Charles and his brothers had artistic leanings like their father.

In November of 1849 Charles left England for Edinburgh to take a position in Her Majesty’s Office of Works.  He hoped that the job would lead to a successful career, promotion and an eventual triumphant return to England.

When Charles arrived in Edinburgh, he rented a room from a widow with two daughters.  One of the daughters, Mary, caught Charles’s eye.  In July of 1855, they married.  Records conflict about how many children the Doyles had together.  However, all accounts agree that seven of those children survived including their second child, Arthur Ignatius Conan Doyle.

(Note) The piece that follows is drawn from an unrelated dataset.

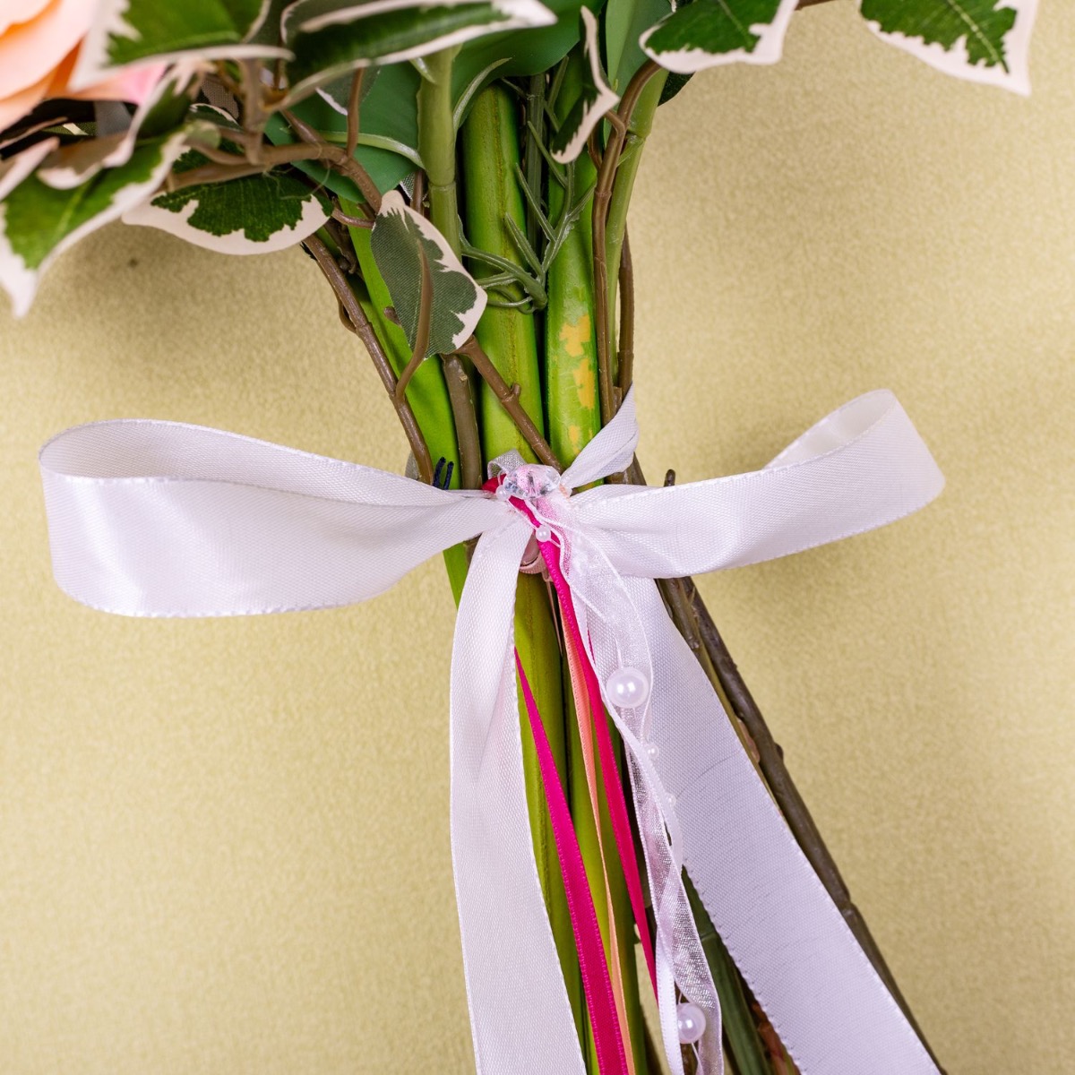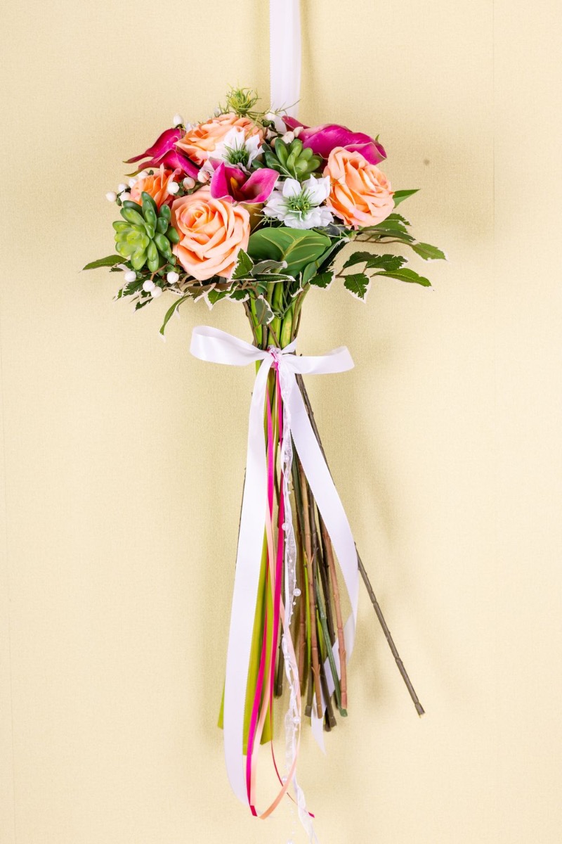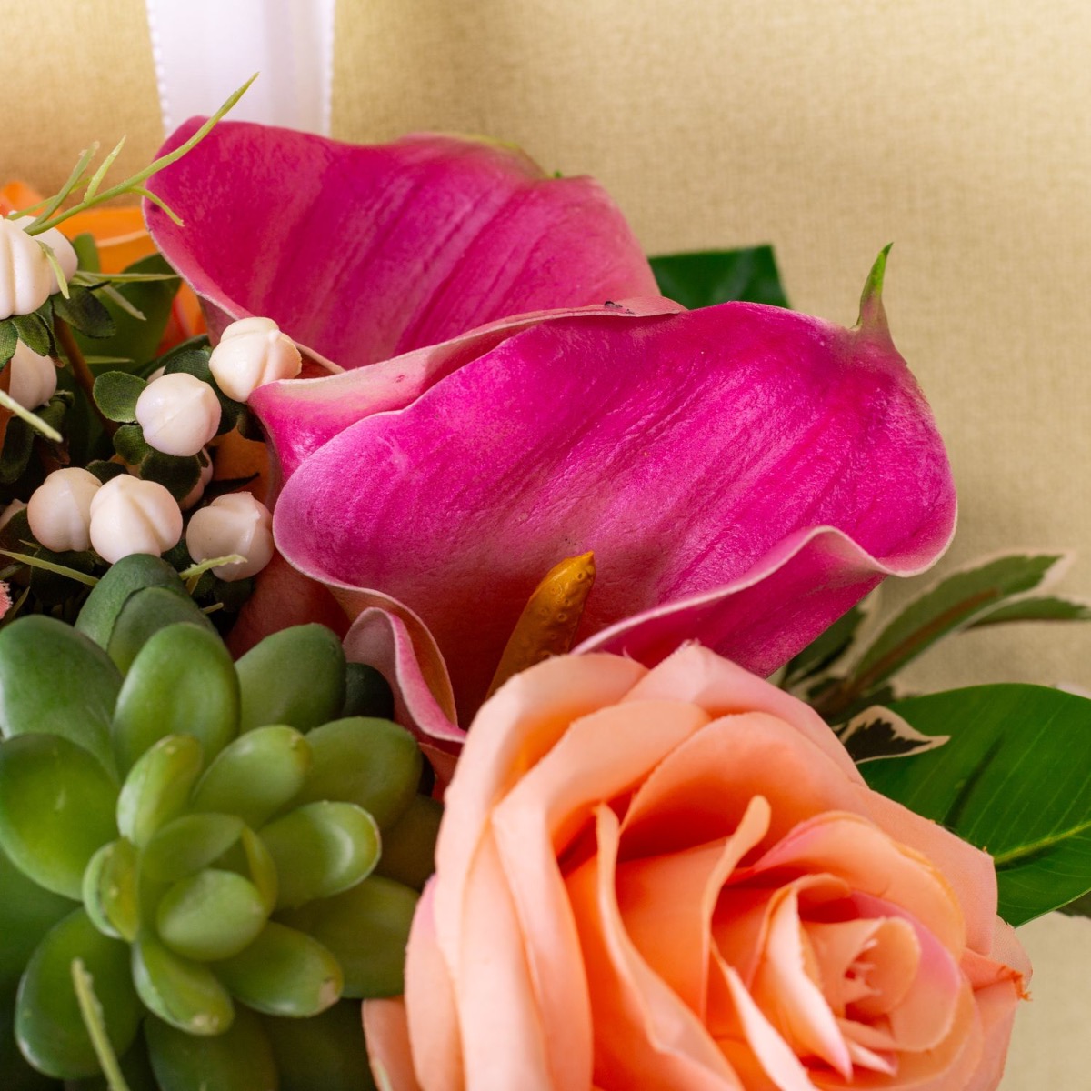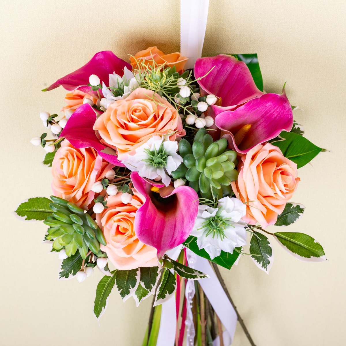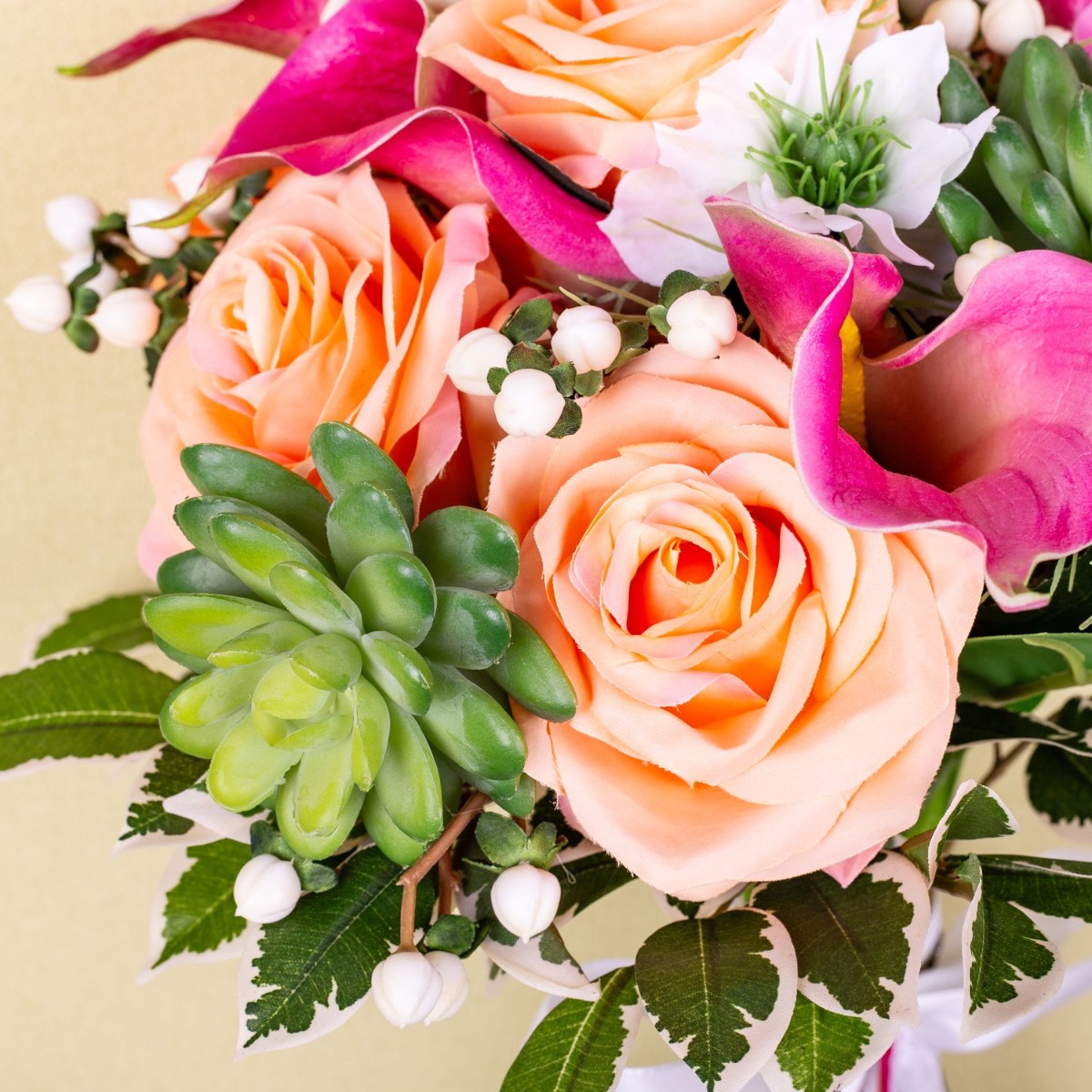 ¡Sorprendentemente imponente! Como sorpresa para Navidad, nuestro cliente Dylan pensó en recrear el ramo de novia de su esposa con flores artificiales y nos escribió un mensaje. A pesar del corto tiempo de entrega, logramos crear una copia atractiva hecha de flores artificiales. En este artístico arreglo predominan las calas rosadas y las rosas color albaricoque, que son las principales protagonistas de este encantador ramo. Las calas rosadas, con sus cálices elegantemente curvados, dan al ramo cierta gracia y sofisticación, mientras que las rosas albaricoque, con su color delicado y su plena floración, crean una atmósfera cálida y acogedora. En contraste con las delicadas flores, se añadieron suculentas, que aportan al ramo una nota terrosa y natural con su estructura robusta y sus jugosos tonos verdes. Añaden textura y profundidad al arreglo y brindan un interesante contraste visual con las otras flores. ¿Quieres también un ramo de novia artificial? ¡Compra el look!

Charles was able to supplement the income from his civil service job with money he received from paintings and book illustrations.  However, because of the demands of his job he was not able to devote a great deal of  time to his art.  He grew depressed as he was torn between the necessity to make a living and his dreams.  No doubt his depression grew as he compared his lack of progress with his brothers’ successes in London.

"In the shade", painting by Charles Altamont Doyle

“In the shade”, painting by Charles Altamont Doyle

As his dreams faded, Charles grew more and more depressed.  He drank more and his paintings became dark and macabre.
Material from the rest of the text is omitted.